2.3 Characterisation and Composition of Biopolymers

The composition of residues and precipitates was analysed according to the National Renewable Energy Laboratory (NREL) procedure “Determination of Structural Carbohydrates and Lignin in Biomass” [15]. A weighed amount of sample was transferred to a pressure tube and 72 wt-% of sulphuric acid was added. This was then set in a 30ºC water bath and stirred every 5-10 minutes, for 1 hour. Deionised water was then poured into the tubes before they, along with a set of sugar recovery standards, were sealed and autoclaved for 1 hour at 121ºC. The sugar recovery standards consisted of arabinose, glucose and xylose prepared at 0.1, 0.5 and 1 g/L. After autoclaving, the samples were filtered, the filtrate saved for monosaccharide detection HPLC analysis on a HPX- 87H Aminex column from Bio Rad, and the residue dried and weighed to determine the acid insoluble lignin content.

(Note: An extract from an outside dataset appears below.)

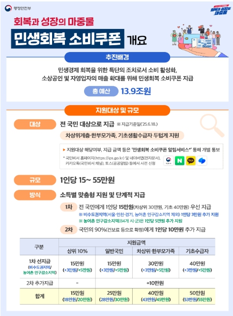 민생회복 소비쿠폰 범정부 TF 단장인 김민재 행정안전부 차관은 “우리 경제의 회복을 위한 마중물로서 민생회복 소비쿠폰이 전반적인 소비 활성화와 어려운 분들에 대한 소득 지원이라는 두 마리 토끼를 모두 잡을 수 있도록 차질 없는 집행을 철저히 준비하겠다”고 밝혔다.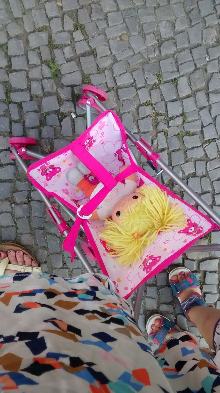 Das Runzelfüßchen und ich laufen zum Bäcker. Sie fährt ihren Puppenwagen spazieren und ich trage mein neues, selbstgenähtes Kleid.

Size exclusion chromatography (SEC) was performed on a Waters Ultrahydrogel 250 column with RI and UV detection at 280 nm. SEC separates molecules in solution according to their size, as opposed to other common modes of chromatographic separation, for instance adsorption or ion exchange [16]. Porous particles make up the interior of the column, thus molecules smaller than the pore size of the particles will be trapped inside the pores and take longer to pass through. The eluate, the solution filtered through the column, is collected at the end of the column in constant volumes at different times and is referred to as fractions. These fractions are then presented as UV/RI vs. time chromatograms, giving a size distribution resembling Gaussian peaks. A baseline is then drawn below these peaks in order to estimate DP.

For the presented results, the mobile phase (eluate) consisted of 0.1 M NaNO3 and 0.01 M NaOH.

Precipitate samples from different conditions were taken and dissolved by heating and sonication in mobile phase, filtered and then diluted into 1 mL glass vials. SEC analysis of molecular weight distributions rely on the assumption that size effects are the only contribution to separation, and that there is no interaction between polymers. It is also assumed that the polymers will generate a signal that is proportional to their mass, and that the dextran calibration standards translate to xylan polymer sizes. From this it was then possible to estimate degree of polymerisation (DP) and molecular weight data of the extracted, precipitated and flocculated material. This was done first by indexing the initial data (from the received signal) in order to compress the amount of data. The retention times were then converted to retention volumes by multiplying with the flowrate (0.6 mL/min). The height from the baseline to the curve points were then calculated by taking the respective response values and subtracting the most negative, outlying response value from them. A DP was then estimated by the logarithmic linearization of the dextran standards and the conversion factor of 132 g/monomer subunit for a xylan polymer. Height was then multiplied by DP, and DP squared and summarized. These summations were then used to estimate DP based on number and weight.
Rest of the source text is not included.